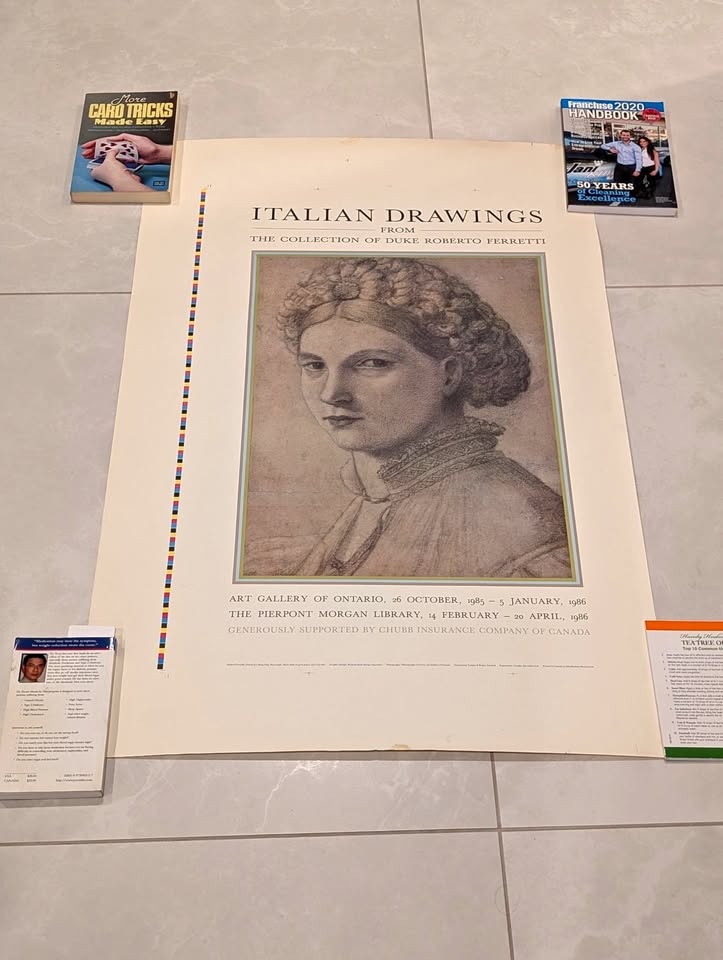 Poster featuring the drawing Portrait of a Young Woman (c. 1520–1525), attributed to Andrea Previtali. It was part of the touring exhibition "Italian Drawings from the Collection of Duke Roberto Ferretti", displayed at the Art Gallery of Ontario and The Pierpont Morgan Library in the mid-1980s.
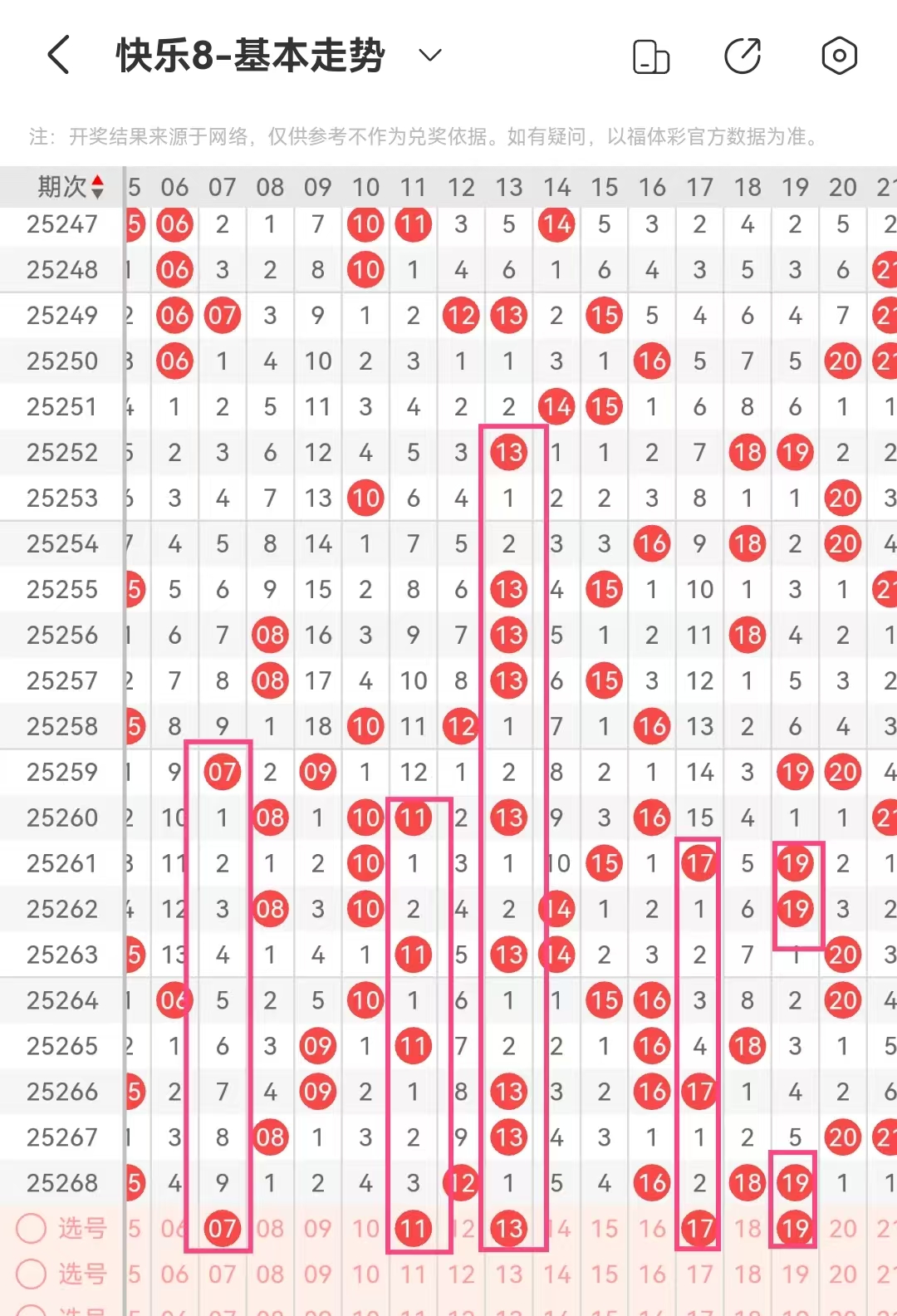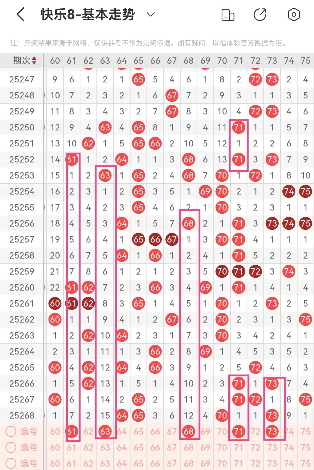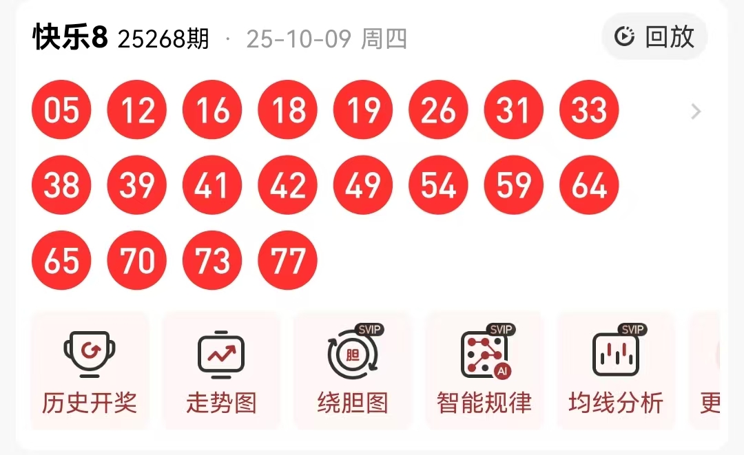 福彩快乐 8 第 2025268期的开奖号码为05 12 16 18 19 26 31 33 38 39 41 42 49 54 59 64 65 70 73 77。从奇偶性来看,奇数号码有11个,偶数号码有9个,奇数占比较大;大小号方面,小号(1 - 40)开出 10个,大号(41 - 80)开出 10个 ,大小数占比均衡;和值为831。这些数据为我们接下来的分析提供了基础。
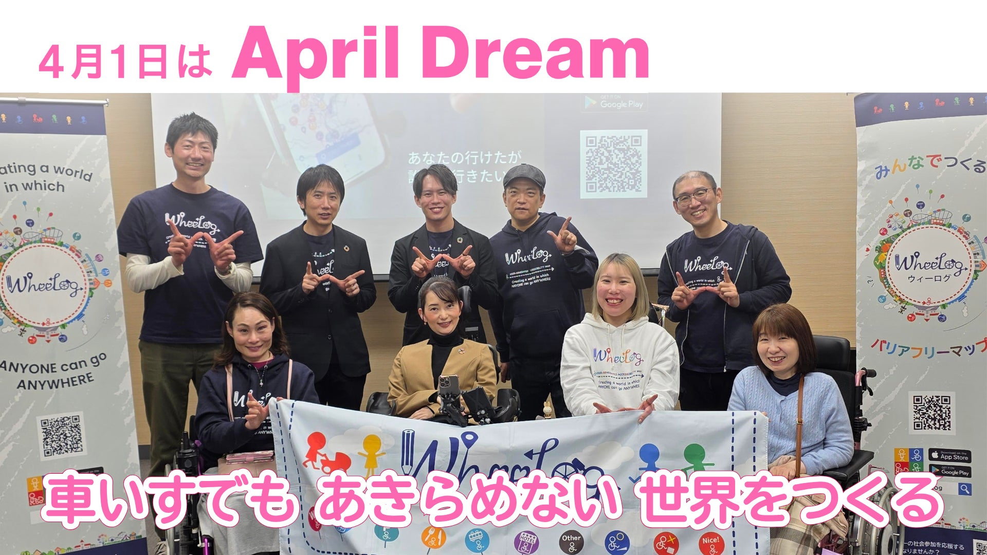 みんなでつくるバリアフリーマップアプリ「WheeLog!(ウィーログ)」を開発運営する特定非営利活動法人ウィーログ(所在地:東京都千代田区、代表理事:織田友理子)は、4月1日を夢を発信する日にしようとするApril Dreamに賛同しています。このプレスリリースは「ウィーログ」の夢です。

▶ **Your goal**
Reproduce the material above in full, images excluded.

▶ **Output for this task**
 Poster featuring the drawing Portrait of a Young Woman (c. 1520–1525), attributed to Andrea Previtali. It was part of the touring exhibition "Italian Drawings from the Collection of Duke Roberto Ferretti", displayed at the Art Gallery of Ontario and The Pierpont Morgan Library in the mid-1980s.
 福彩快乐 8 第 2025268期的开奖号码为05 12 16 18 19 26 31 33 38 39 41 42 49 54 59 64 65 70 73 77。从奇偶性来看,奇数号码有11个,偶数号码有9个,奇数占比较大;大小号方面,小号(1 - 40)开出 10个,大号(41 - 80)开出 10个 ,大小数占比均衡;和值为831。这些数据为我们接下来的分析提供了基础。
 みんなでつくるバリアフリーマップアプリ「WheeLog!(ウィーログ)」を開発運営する特定非営利活動法人ウィーログ(所在地:東京都千代田区、代表理事:織田友理子)は、4月1日を夢を発信する日にしようとするApril Dreamに賛同しています。このプレスリリースは「ウィーログ」の夢です。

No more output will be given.